The Simple Reasons I Won't Buy Ubiquiti Networks, Inc. Stock

Despite the nearly 17% run-up following fiscal 2017's fourth-quarter earnings report, Ubiquiti (NASDAQ: UBNT) stock is still down 11% this year. But higher-than-expected revenue, earnings per share, and beating analyst estimates seem to have brought many investors back into the fold.

It's easy to see why Ubiquiti has been the recipient of good tidings lately, but putting the good news aside for a moment, I still have several questions about Ubiquiti stock, some more tangible than others. But like many long-term investors, for me, uncertainty generally translates to looking elsewhere to buy a stock.

What's not to love?

The record-setting $228.6 million in revenue and $0.75 earnings per share (EPS) excluding one-time items Ubiquiti generated in its fiscal fourth quarter handily beat estimates of a mere $216 million and EPS of $0.69 a share.

Total revenue climbed 23%, while Ubiquiti's adjusted EPS rose a more modest 8.7%. Including expenses, Ubiquiti's per-share earnings were $0.74, a 7% improvement year over year. Total sales and EPS gains weren't the only good news Ubiquiti shared last quarter; its enterprise technology unit revenues rose 48% due in part to sales of switches, gateways, and access points.

Last quarter also saw the introduction of several new products, which pressured gross margins since Ubiquiti traditionally sells new solutions at a lower price point to fuel adoption, then works to become more efficient to lower overhead. And the balance sheet strengthened in the fourth quarter to $604.2 million, up from $533.9 million a year ago.

What I don't love

Ubiquiti added over $50 million to its long-term debt and nearly $4 million of short-term debt compared to last year and combined, it now carries $256.6 million on the books. Sure, that kind of debt load will add to a cash hoard, but it seems on the high side to me.

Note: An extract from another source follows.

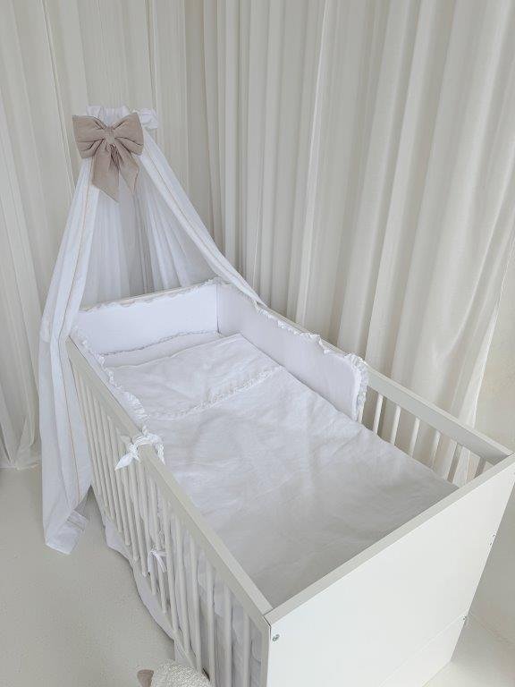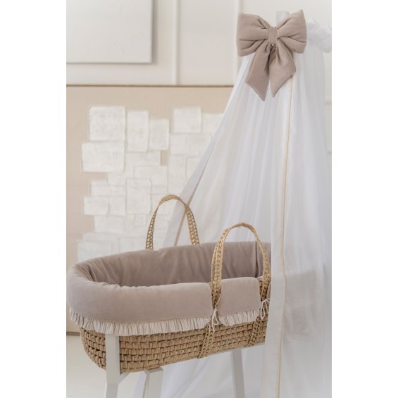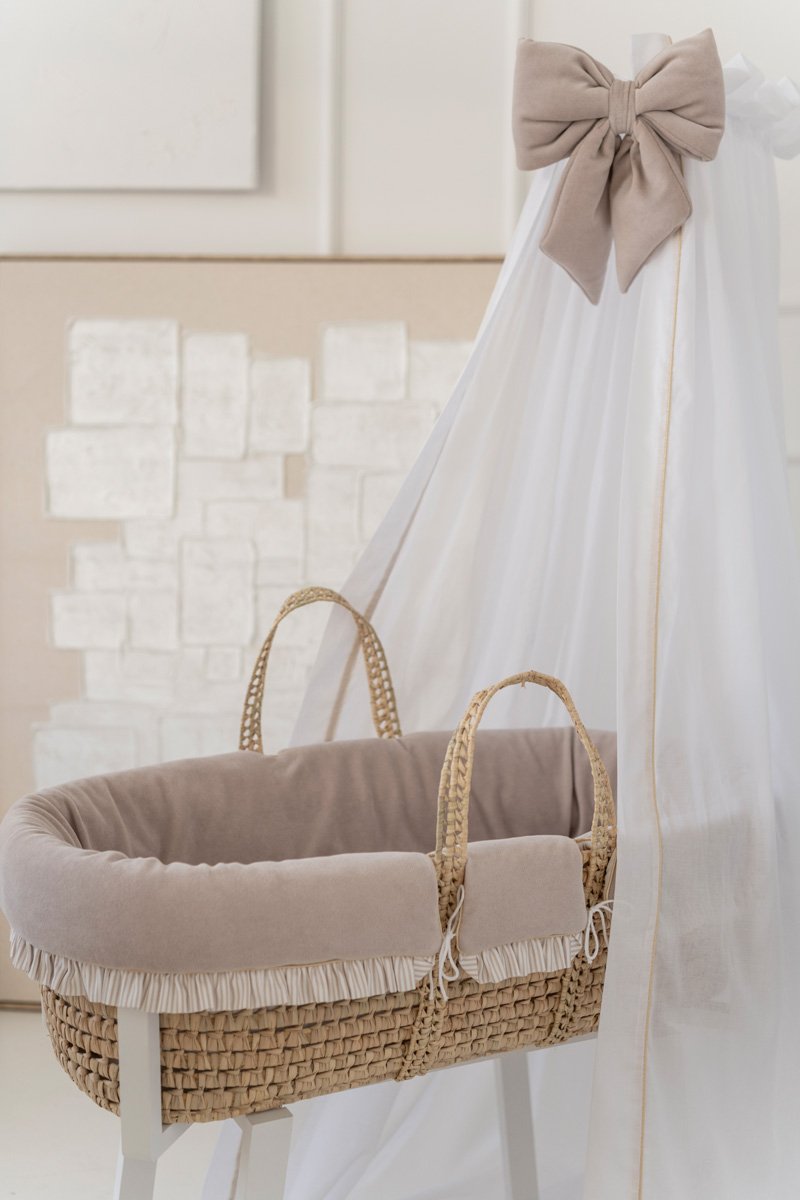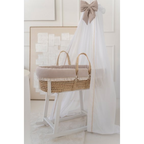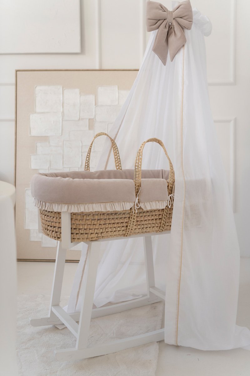 Elegant canopy made of light, delicate fabric, adorned with a beautiful, soft velvet bow in a subtle beige shade. The design is complemented by a refined golden braid, giving the decoration a luxurious and unique character. Perfect for creating a cozy atmosphere in a child's room, adding a touch of class and elegance.
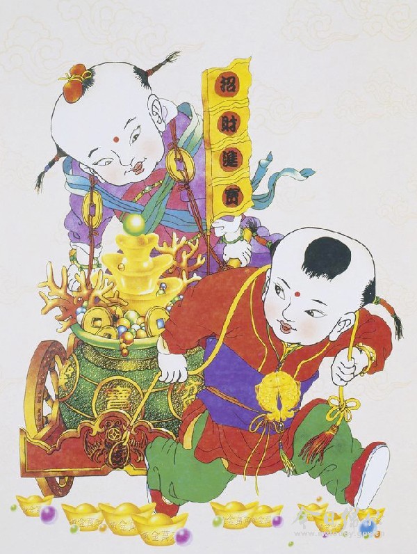 遍地开花 绵竹年画远销四海 绵竹年画自宋代产生,经过明代发展日趋成熟。据《续编绵竹县志》记载,绵竹年画在明代时已有相当成就。当时四川沪洲及陕西蒲城地区已贴过内容喜庆的绵竹年画,可见明代时绵竹年画便远销省内外享有盛名。 到了清代乾隆、嘉庆年间,绵竹年画达到鼎盛时期,其生产规模已相当庞大。据不完全统计,当时绵竹有年画作坊共计三百余家,遍布县城及城郊西南、板桥、孝德、新市、清道、遵道、拱星等乡镇,从业年画艺人一千多,加上帮工,从事年画生产人员达万人以上。全县每年的年画产量空前巨大,每年生产门神、斗方达一千四百多万份,画条200万份以上,当时还成立了年画行会“伏羲会”。大量的绵竹年画通过画商经营销售,其方式分“座商”和“行商”两种,设铺面的称作“座商”,当时仅县城就有30余家之多。不设铺面的流动经营推销的称“行商”,其数量更为众多。通过他们,绵竹年画销往陕西、甘肃、青海、云南、贵州、湖南、广东、广西、新疆和港澳等地,甚至还远销今天的越南、缅甸、印度及东南亚各国。 清代后期,绵竹开辟了专门销售绵竹年画的市场。大市场在城内的南华宫,从腊月初一到三十,天天出售年画,自清晨到深夜,年画市场十分繁荣。小市场在城中北河坝及清道乡,从清道乡至绵竹城郊的南轩祠,约15华里的大路旁摆满了年画摊子,故当地有“冬月初一挂望子,腊月初一摆摊子”和“东门河坝去观花,南华宫里去看画”的俗语。每年腊月的桃符市遍及城乡,在乡镇街头摆一个摊,文人墨客争相展才献艺,乡民纷纷前往购买。家家户户贴春联贴门神,如“天官赐福”、“招财进宝”、“秦叔宝和尉迟恭”等。 绵竹年画在发展过程中,涌现出了许多名家。年画作坊中最有名的要推城内的梁云鹤画店和傅兴发作坊。梁云鹤画店的拓片雕工精细,傅兴发作坊的门画人物生动,色彩艳丽。还有清道乡生产的“清水大袍”、遵道乡的美人、娃娃等年画也很有特色,有成就的画师更是层出不穷,绵竹年画得到了进一步的发展,成为我国著名的木版年画杰出代表之一。

Another reason I won't buy Ubiquiti stock is that networking and hardware, whether to "connect" users or to develop next-generation consumer electronics, doesn't have the same growth potential as cloud infrastructure-as-a-service (IaaS), for example. The growth potential of networking rises if it's focused on cloud IaaS solutions, but that raises another concern.

At a $4.1 billion market capitalization, Ubiquiti faces some stiff competition from some of the networking market's biggest hitters, including Cisco (NASDAQ: CSCO). Cisco is in the midst of a shift away from "old-school" switches and routers to offering more software and cloud-based IaaS solutions. However, though Cisco's switch and router sales were down last quarter, combined, they still generated $5.33 billion in revenue -- more than Ubiquiti's market cap.

Another concern is why Ubiquiti's EPS growth was less than a third of its revenue gain on a percentage basis: Expenses are soaring. Last quarter's $31.53 million in operating expenses was a 31% increase over last year. To be fair, Ubiquiti cited a "non-recurring engineering" payment of $4 million as part of the reason for the boost in spending. But "non-recurring" doesn't mean one-time, it simply means irregularly, so given its business model, there will likely be more.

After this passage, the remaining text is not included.